Закончил работу. По традиции начисто вытираю витрину, тушу огонь в печи, отряхиваю фартук (крупинки муки снежинками оседают на коричневой плитке), переодеваюсь. Тесто для булочек готово, на рассвете вернусь их выпекать. Они украсят воскресный завтрак: горячими попадут на столы наших жителей, их помажут сливочным маслом с медом или обмакнут в желток глазуньи.
Выходя из пекарни, собираюсь выключить радио, но замираю. Замечательная песня “I say a little prayer” Ареты Франклин, королевы соула. Слова, точно выражающие мысли. “Forever, and ever, you'll stay in my heart. / And I will love you / Forever, and ever, we never will part”[27].
Дочь, на завтра обещали спокойную погоду. Вьюга уходит.
Скучаю. Папа
18 Ты найдешь счастье тогда, когда прекратишь поиски
Досту,
утро я встретил у океана. Отпустил с поводка Марса, сел на перевернутую лодку, смотрел на воду. Штиль.
Перед выходом из дома заглянул в бортовой журнал. «Не бойся даже самого далекого горизонта». Почистил заснеженную палубу Озгюра и пошел на берег. Сегодня ни одна мысль не отзывается во мне вдохновением.

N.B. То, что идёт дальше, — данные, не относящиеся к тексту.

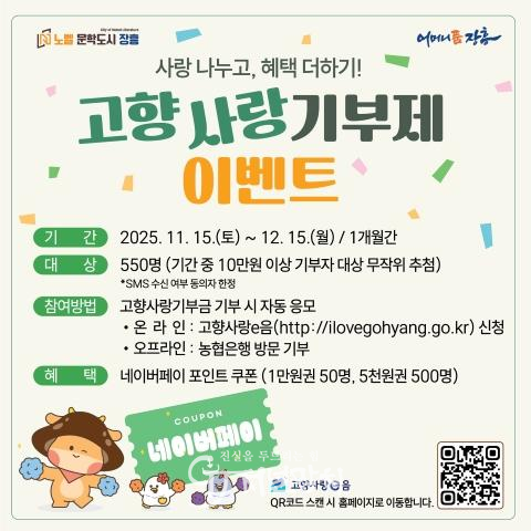 기간 내 장흥군에 기부한 참여자를 대상으로 추첨을 통해 총 550명에게 네이버페이 포인트 쿠폰을 증정하며 당첨자는 1만원권 50명, 5천원권 500명으로 결과에 따라 개별 안내될 예정이다.

Неужели не найду тебя? Неужели я обознался?
Марс, подцепив рыбацкую сеть, рыча, носится с ней по берегу. Бас проплывающего на горизонте корабля, запах водорослей и ощущение неправдоподобного простора. Вода приветливо поблескивает на выглянувшем солнце.
У океана глубокий взгляд, кого-то он пугает, а мне видится дружеским. Океан превосходит все ожидания. Каким бы ты его ни представлял, он оказывается иным и никогда себя не повторяет.
Марс бросает игрушку, спешит кому-то навстречу. Оборачиваюсь. Амир. Друг сворачивает с дороги с двумя бумажными пакетами в руках. «Подумал, что если ты не в пекарне, то здесь. Держи – горячий круассан. Твой с малиновым джемом. Своим, сырным, я поделюсь с этим симпатягой». Не успевает Амир вытащить круассан, как пес, подпрыгнув, хватает его и уносит за лодку.
«Когда смотрю на океан, все мои переживания кажутся незначительными и временными, – Амир садится на соседнюю лодку, снимает шапку, сжимает ее в правой руке. – А еще океан как любовь. Надо обязательно нырнуть, чтобы почувствовать эту красоту. Прежним уже не выплывешь. Мы с женой как-то ездили на южный берег, там у них бывает лето, можно искупаться. Дно – сокровищница, глаз не оторвать».
Да, так и есть. Океан, как душа думающего человека, всегда волнуется: либо на глубине, оставаясь невидимым, либо снаружи, выплескивая чувства.
Марс, слопав угощение, подбегает, трется головой о мой ботинок. Это значит: вытри меня, я в крошках. Пес терпеть не может грязную морду. На такой случай у нас с Марией всегда в карманах салфетки.
…Между мной и Амиром пустое пространство, в нем вижу тебя, дочь. Ты тоже сидишь на перевернутой лодке. Пальто сливового цвета, пояс развязался и одним концом подметает влажный песок. В твоих руках прозрачный пакетик с шоколадными трюфелями.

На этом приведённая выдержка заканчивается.